§ **PROBLEM STATEMENT**
Leave out pictures; repeat exactly the lines from the "We had been" line through the last of the data below.

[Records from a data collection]
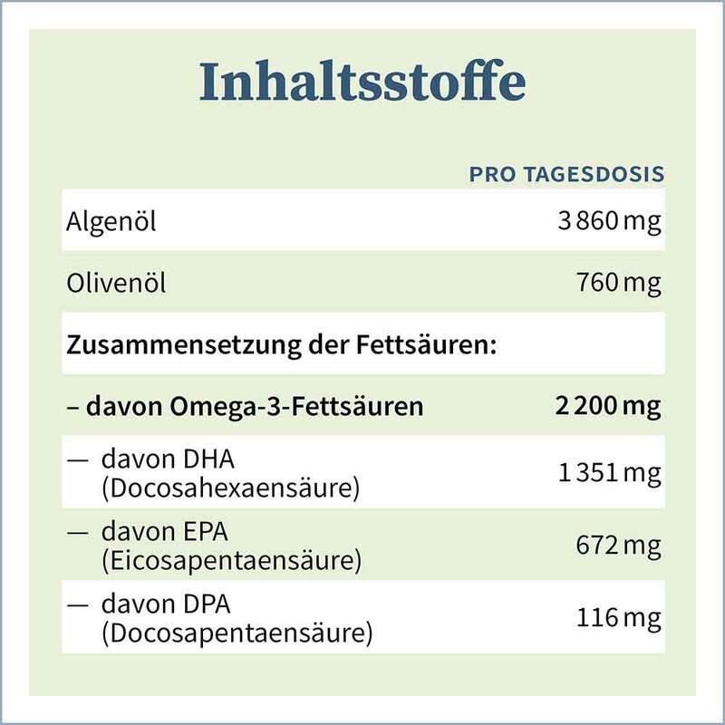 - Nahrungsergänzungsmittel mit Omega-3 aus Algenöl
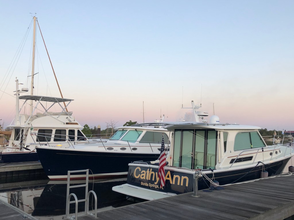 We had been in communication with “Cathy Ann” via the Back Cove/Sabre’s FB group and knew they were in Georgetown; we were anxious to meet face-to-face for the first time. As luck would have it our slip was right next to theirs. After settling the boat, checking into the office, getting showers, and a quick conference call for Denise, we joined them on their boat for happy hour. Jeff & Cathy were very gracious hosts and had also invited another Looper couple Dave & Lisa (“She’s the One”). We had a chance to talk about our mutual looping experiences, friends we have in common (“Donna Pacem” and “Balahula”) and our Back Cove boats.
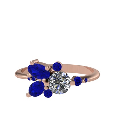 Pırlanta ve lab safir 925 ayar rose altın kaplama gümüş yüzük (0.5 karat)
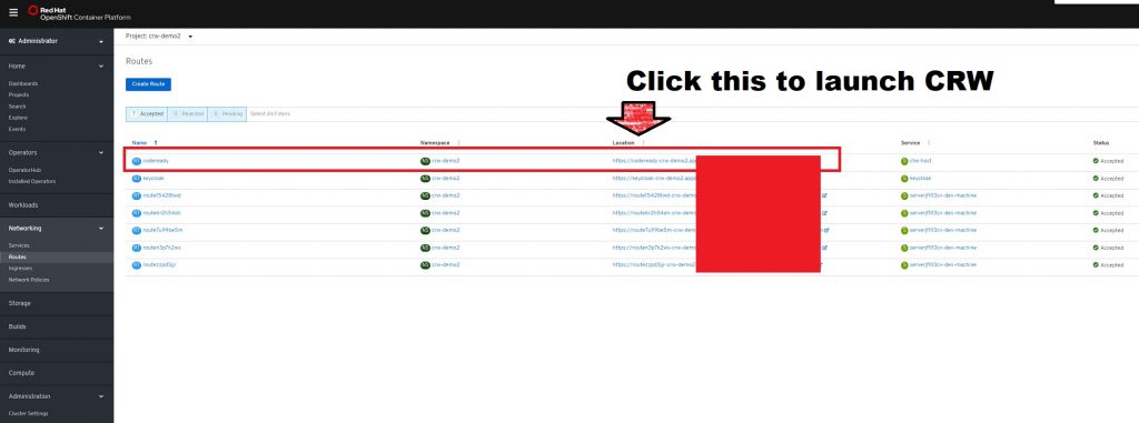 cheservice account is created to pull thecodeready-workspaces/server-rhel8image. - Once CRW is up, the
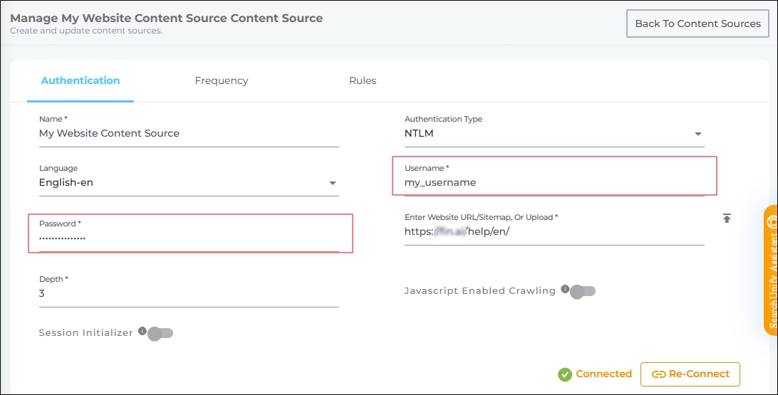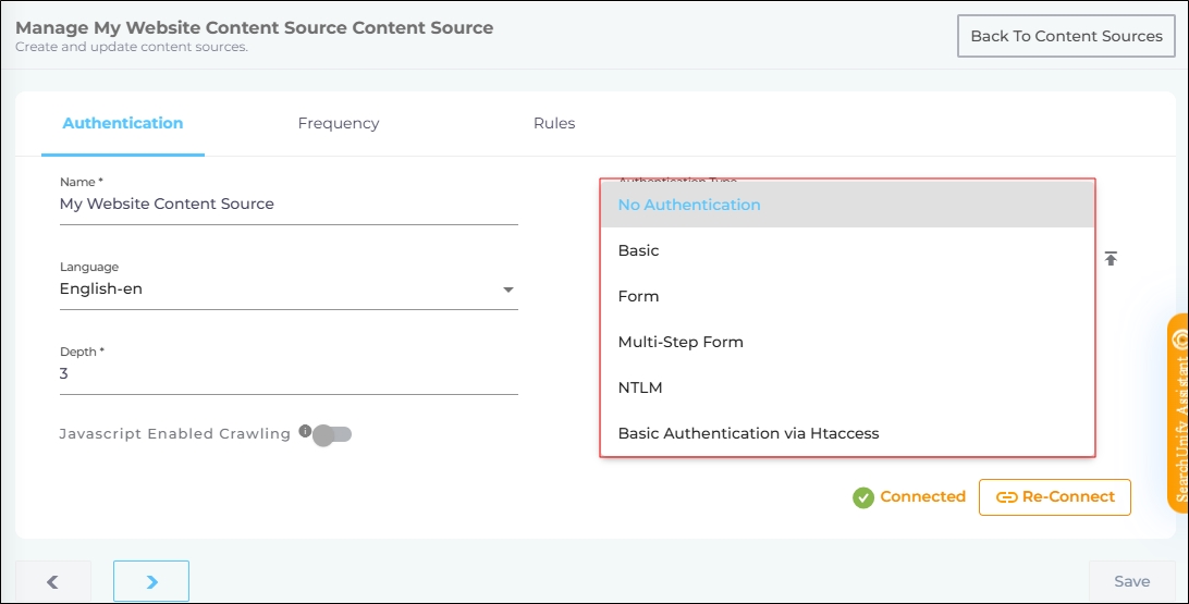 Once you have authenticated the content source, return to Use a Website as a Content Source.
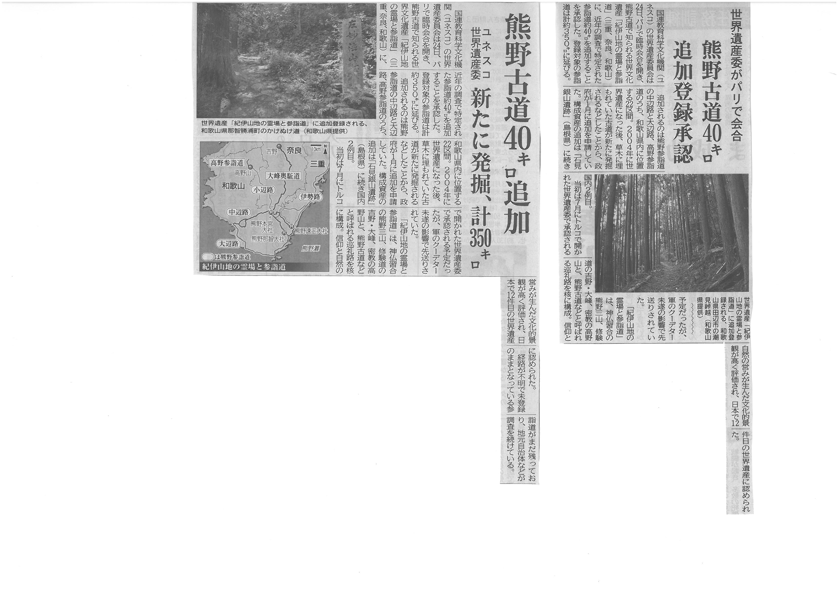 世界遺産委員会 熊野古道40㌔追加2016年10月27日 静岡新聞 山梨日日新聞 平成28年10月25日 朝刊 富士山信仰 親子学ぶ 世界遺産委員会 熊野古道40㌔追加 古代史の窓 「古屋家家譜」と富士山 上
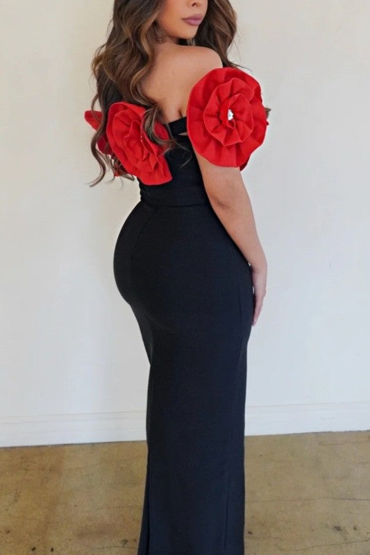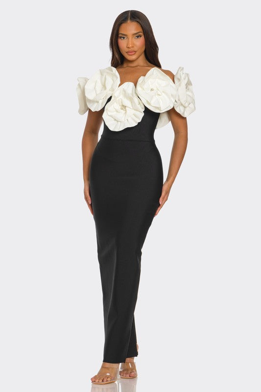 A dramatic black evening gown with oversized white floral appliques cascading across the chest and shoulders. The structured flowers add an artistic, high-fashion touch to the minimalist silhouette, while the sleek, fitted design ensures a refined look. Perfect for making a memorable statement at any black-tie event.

§ **RESULT OF THIS TASK**
 We had been in communication with “Cathy Ann” via the Back Cove/Sabre’s FB group and knew they were in Georgetown; we were anxious to meet face-to-face for the first time. As luck would have it our slip was right next to theirs. After settling the boat, checking into the office, getting showers, and a quick conference call for Denise, we joined them on their boat for happy hour. Jeff & Cathy were very gracious hosts and had also invited another Looper couple Dave & Lisa (“She’s the One”). We had a chance to talk about our mutual looping experiences, friends we have in common (“Donna Pacem” and “Balahula”) and our Back Cove boats.
 Pırlanta ve lab safir 925 ayar rose altın kaplama gümüş yüzük (0.5 karat)
 cheservice account is created to pull thecodeready-workspaces/server-rhel8image. - Once CRW is up, the
 Once you have authenticated the content source, return to Use a Website as a Content Source.
 世界遺産委員会 熊野古道40㌔追加2016年10月27日 静岡新聞 山梨日日新聞 平成28年10月25日 朝刊 富士山信仰 親子学ぶ 世界遺産委員会 熊野古道40㌔追加 古代史の窓 「古屋家家譜」と富士山 上
 A dramatic black evening gown with oversized white floral appliques cascading across the chest and shoulders. The structured flowers add an artistic, high-fashion touch to the minimalist silhouette, while the sleek, fitted design ensures a refined look. Perfect for making a memorable statement at any black-tie event.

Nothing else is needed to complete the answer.